A vector is a mathematical concept that denotes direction and magnitude. They're often notated using an arrow ($\vec{v}$), or with a bold, lowercase letter. (**v**).


Vectors are often denoted as a matrix with two rows: $\begin{bmatrix}1 \\2\end{bmatrix}$

# Magnitude
The magnitude of a vector is $|\vec{v}| = \sqrt{a^2 + b^2}$

# Direction
The direction of a vector is $\theta = \tan^-1(\frac{b}{a})$.

# Addition
To find $\vec{u} + \vec{v}$, we can put one vector on the end of another vector. The resulting vector will share the same tail as the first vector, and the same head as the second vector.

# Scalar Multiplication
A **scalar** is just a real number. Scalar multiplication is multiplying a vector with a real number. This will scale or shrink a vector, but does not change the direction it points at.

We do not multiply two vectors together.
# Unit Vector
A vector with a magnitude of 1 is a **unit vector**.
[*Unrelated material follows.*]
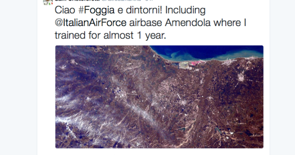 E’ mezzogiorno sulla ISS (Orario UTC), sono le 13:00 in Italia. Samantha Cristoforetti, prima donna italiana nello spazio, sorvola i cieli della capitanata. Poche Righe, due foto. La Cristoforetti, che prestò servizio anche a Foggia, saluta così il 32° stormo dell’Aeronautica Militare (Amendola) dove si è addestrata per circa un anno durante la sua straordinaria carriera. La Stazione Spaziale Internazionale viaggia ad una velocità di 27,724 km/h circa completando in un giorno quasi 16 orbite del pianeta. Sedici scatti a disposizione dunque per fotografare lo stivale, sempre se le perturbazioni lo consentono.
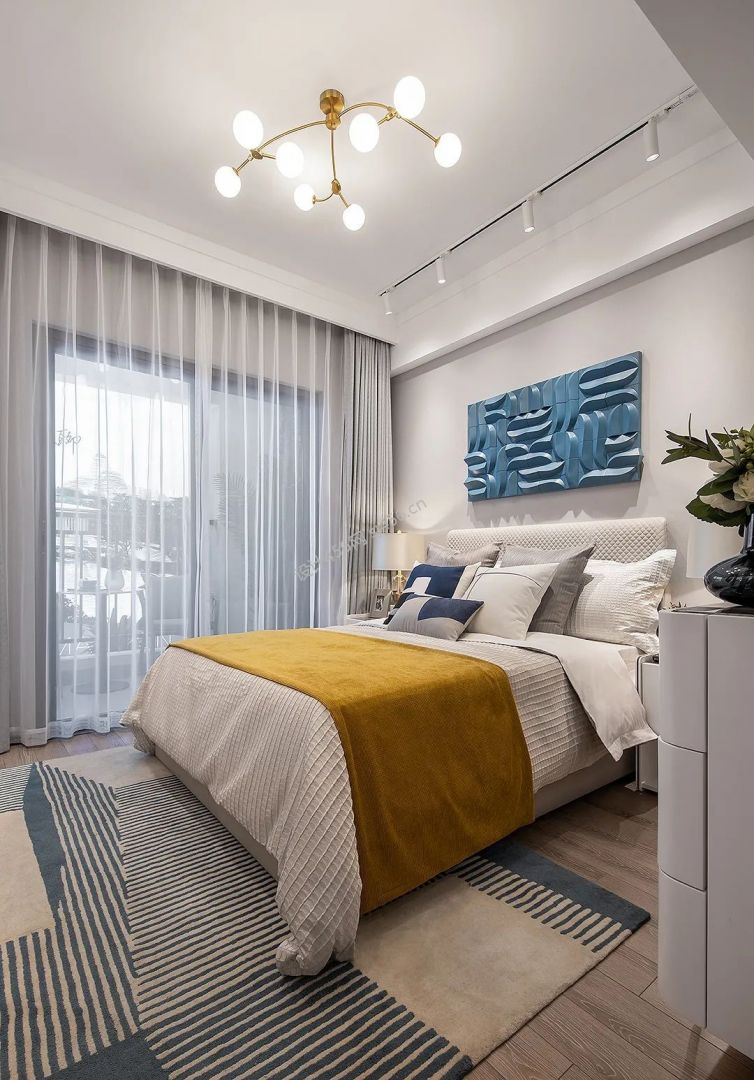 122平米现代简约三室两厅卧室背景墙装修图片

If $\vec{v}$ is a nonzero vector, the unit vector can be found using the equation $\vec{u} = \dfrac{1}{|\vec{v}|}\vec{v}$ . In other words, to find a unit vector, divide the vector by its magnitude.

# $i$, $j$ Notation
Every 2d vector has a horizontal component and a vertical component. The horizontal unit vector could be written as $i = < 1, 0 >$, and the vertical unit vector could be written as $j = <0, 1 >$. Every vector can be made up using a combination of these standard unit vectors.